Der vorliegende Beitrag befasst sich vor allem mit der Kraniozervikalregion, die beim Säugling eine zentrale Bedeutung hat. Die Kopfgelenke (Wirbelgelenkkapsel, autochthone Muskulatur mit hoher Spindeldichte, myofasziales Gewebe) sind bereits zu Beginn des Lebens eine wichtige Region der propriozeptiven Bahnung und oft Ausgangspunkt von Bewegungsstörungen im Säuglingsalter [3, 4, 5]. Die genaue segmentale Untersuchung und Differenzierung der Störung sind daher für eine gezielte Behandlung unabdingbar.

Allgemeine manualmedizinische Untersuchung des Säuglings

Untersuchung in Rückenlage: Inspektion/Palpation

Bei der ersten Inspektion des Kindes beachtet der Untersucher alle Asymmetrien sowohl der Lage als auch der Spontanbewegung. Eine Asymmetrie der Schulterregion kann beispielsweise ein Hinweis auf eine geburtstraumatische Verletzung der Klavikula sein und zwingt den Untersucher zur genaueren Untersuchung dieser Region. Ein ständig adduziertes Beinchen weist den erfahrenen Beobachter auf eine Besonderheit des Hüftgelenks (z. B. Hüftdysplasie, Abb. 1), auf Funktionsstörungen im Iliosakralgelenk oder auch auf Muskeltonusdifferenzen hin.

Abb. 1
figure 1

Asymmetrische Haltung und Bewegung des Säuglings, hier Hüftdysplasie rechts

Es empfiehlt sich, bei der Betrachtung systematisch von kaudal nach kranial vorzugehen. Zuletzt wird das Köpfchen des Kindes untersucht:

  • Wie ist die Kopfform?

  • Spricht eine Deformierung für intrakranielle Spannungszustände?

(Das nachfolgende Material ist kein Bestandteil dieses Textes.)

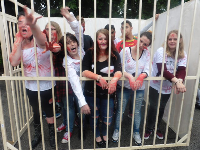 dem Motto „Zombies“. Als sie gegen 9:00 Uhr alle Schüler und Lehrer auf den oberen Schulhof riefen, wirkten sie jedoch gar nicht mehr so untot. Denn sie haben eine ganze Reihe von tollen Spielen vorbereitet, die von den Schülern der verschiedenen Stufen und den Lehrern ausgefochten werden mussten. So wurde mit Medizinbällen gekegelt, Stopp getanzt, nach Jerusalem gereist und und und. Alle hatten an diesem Vormittag eine Menge Spaß und die furchterregenden Zombie-Schüler der Stufe 10 entpuppten sich als gar nicht so gefährlich; im Gegenteil sie glänzten durch eine tolle Organisation, welche auch das Aufräumen und das Reinemachen beinhaltete.

  • Findet sich ein asymmetrischer Haarabriebfleck als Zeichen einer einseitigen Kopfauflage in Rückenlage?

  • Der Untersucher tastet die Beweglichkeit der Suturen im Bereich des Hirn- und Gesichtsschädels ab.

  • Als Nächstes wird der kraniosakrale Rhythmus untersucht.

  • Dann erfolgt die Untersuchung von Spannungszuständen im Schädel.

Die beiden letzten Untersuchungen werden von einer Person durchgeführt, die die kraniosakrale Untersuchungsmethodik beherrscht.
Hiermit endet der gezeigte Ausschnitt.